GitHub - yandex/YaLM-100B: Pretrained language model with 100B parameters

GitHub - yandex/YaLM-100B: Pretrained language model with 100B parameters

🚀 Introducing YaLM-100B, a powerful pretrained language model with a whopping 100 billion parameters for text generation! 📚✨ Developed by the team at @yandex, now available on GitHub under Apache 2.0 license. Get ready to level up your NLP tasks! #AI #NLProc" 🤖📝

  • YaLM-100B is a GPT-like neural network with 100 billion parameters for text generation.
  • It was trained on a cluster of 800 A100 graphics cards for 65 days using 1.7 TB of online texts in English and Russian.

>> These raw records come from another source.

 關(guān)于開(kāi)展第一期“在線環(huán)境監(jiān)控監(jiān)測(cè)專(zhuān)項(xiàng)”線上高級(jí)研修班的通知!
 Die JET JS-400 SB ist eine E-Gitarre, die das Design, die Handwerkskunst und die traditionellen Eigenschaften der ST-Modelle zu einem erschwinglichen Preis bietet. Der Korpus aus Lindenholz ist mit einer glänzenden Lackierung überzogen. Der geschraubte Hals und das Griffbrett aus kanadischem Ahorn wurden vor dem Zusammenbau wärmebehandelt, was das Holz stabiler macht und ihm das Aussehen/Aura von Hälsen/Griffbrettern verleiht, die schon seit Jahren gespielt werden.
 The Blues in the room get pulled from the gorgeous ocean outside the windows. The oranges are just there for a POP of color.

  • The training dataset includes various sources like The Pile, Russian web pages from Yandex Search, news, books, and social media dialogues.
  • The model is published under the Apache 2.0 license for both research and commercial use.

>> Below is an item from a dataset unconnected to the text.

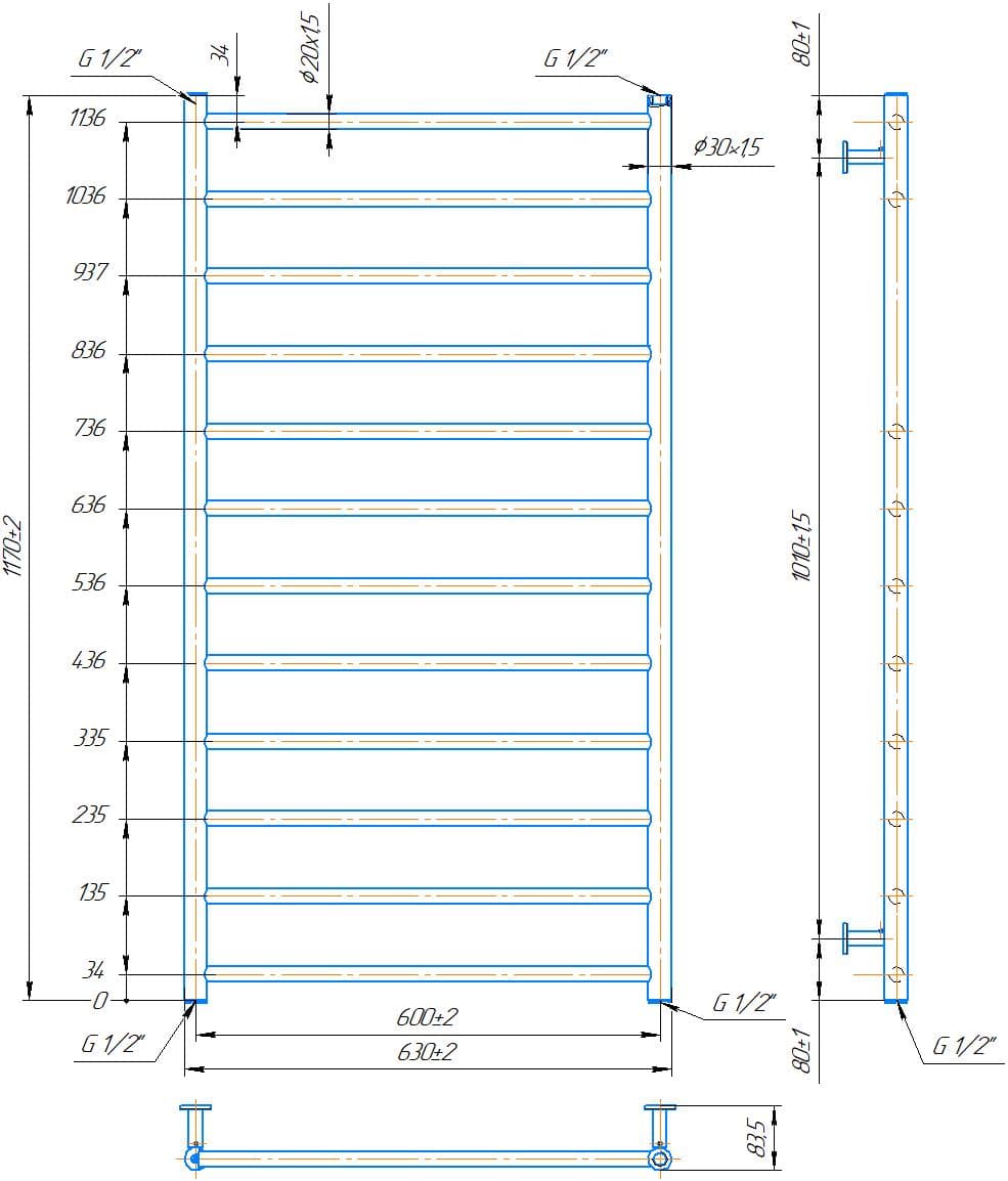 Водяна рушникосушарка INOX Флет 1170х630/600

  • Setup requires 200GB of free disk space for downloading weights and is designed to run on multiple GPUs with tensor parallelism.
  • Checkpoint can be downloaded using the bash script provided in the repository, and a Docker image is available on Docker Hub.
  • Several example scripts are provided for interactive, conditional, and unconditional text generation tasks.
  • The training process involved consuming 300B tokens over the training period.
  • Licensing details indicate Megatron-LM's license differs from YaLM-100B's Apache 2.0 license.
  • The development team included contributors like artnitolog, Vasilev Ruslan, nzinov Nikolay Zinov, and petrovlesha Alexey Petrov.